Phoenix presents the upside-down note first, which does get her to open up. I wish I had not typed that. Angel mentions that Niceguy was the head detective on the case, and once again I’m not sure if we knew that already — everything gets repeated so many times, I start to forget what is actual new information. Anyway, the SL-9 evidence was set to be transferred on the day of Niceguy’s murder, which we did already know, courtesy of Gumshoe. Angel feels that Niceguy’s murder on the day of the transferal is not a coincidence, and thankfully we’re not in court right now, so she doesn’t have to prove it with ten pieces of evidence and hundreds of screens of testimony. She follows this up with the worst declaration in the history of humankind: “SL-9 isn’t over! Not yet!” Life is about to get a lot worse for all of us, but mostly me and Sam.
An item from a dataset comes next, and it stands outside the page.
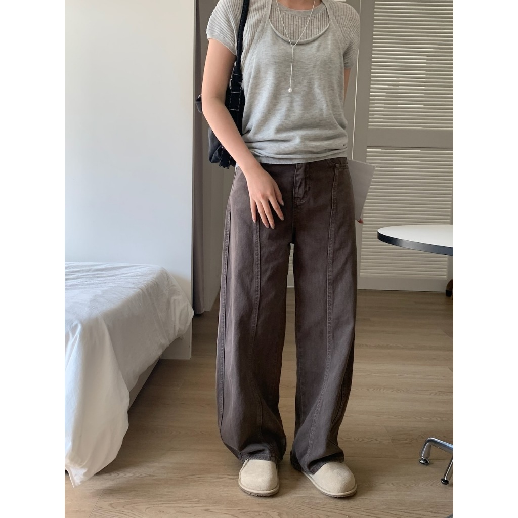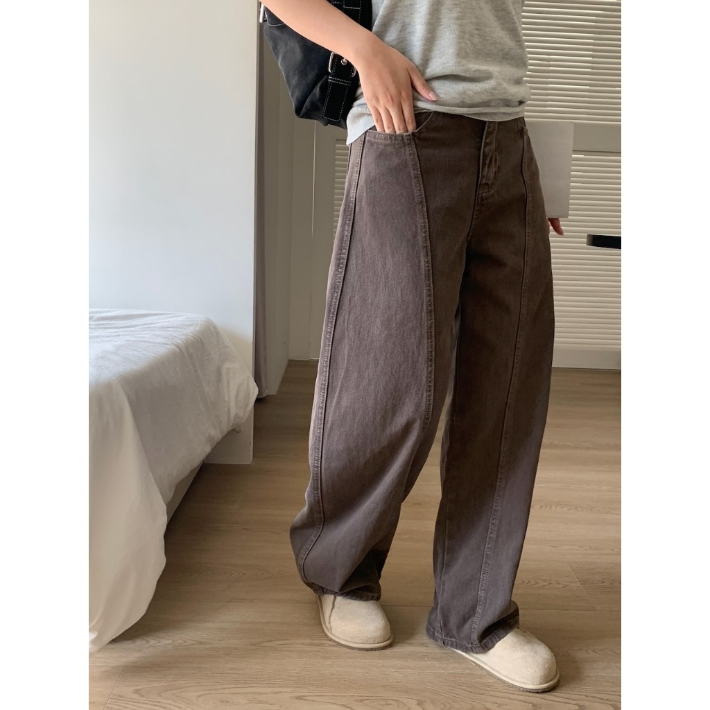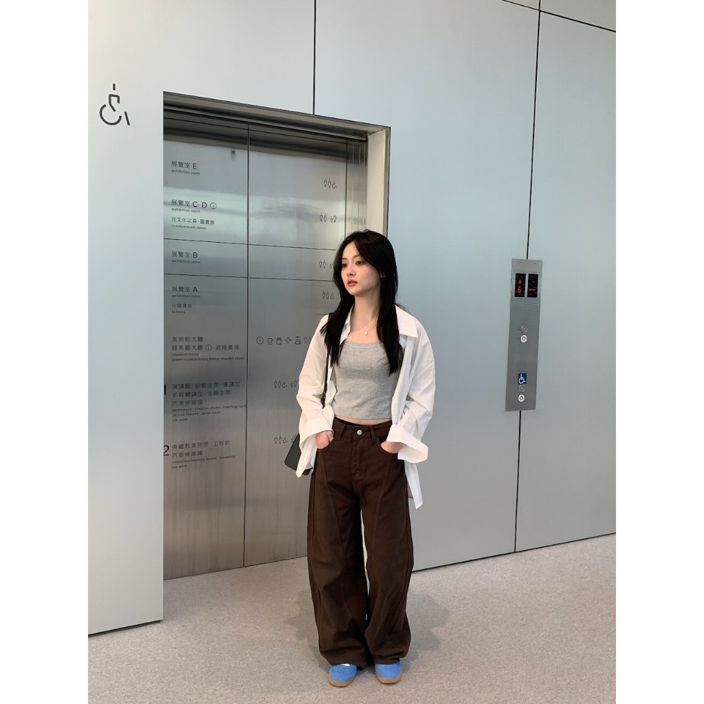 ※繭型寬褲 前後雙口袋 前面兩側折線設計 前真鈕扣拉鍊式

Even all that doesn’t work to unlock the SL-9 dialogue option. This is not the least bit intuitive.. Okay, next Phoenix thrusts forward the photo that Angel took with her secret lunchbox spy camera. “If you think about it, I could have taken that picture from the guard room,” she comments. At first I thought she was saying that the picture would have looked exactly the same, which is a huge lie, but what she really means is that in hindsight she she didn’t have to run all the way around to the B Block to get the fucking snapshot or whatever. Sam covered all the problems with this scenario in her recap, and I feel it’s better for my sanity to just skip past further discussion of the incident. Angel claims once again that she only lied to make her testimony sound better so that it wouldn’t be “disregarded.” That happened to her at some vague point in her past (surely not two years ago!) and she’ll do anything to avoid that again. Which makes no sense because getting caught in an obvious lie seems like the quickest way to get your testimony disregarded. Well, second quickest behind lunchbox puns. Also, who is supposedly doing the disregarding here? The Judge? Edgeworth? Maybe if she wants Edgeworth to listen to her, she should try a Sausage Party lunchbox instead of the fish taco special.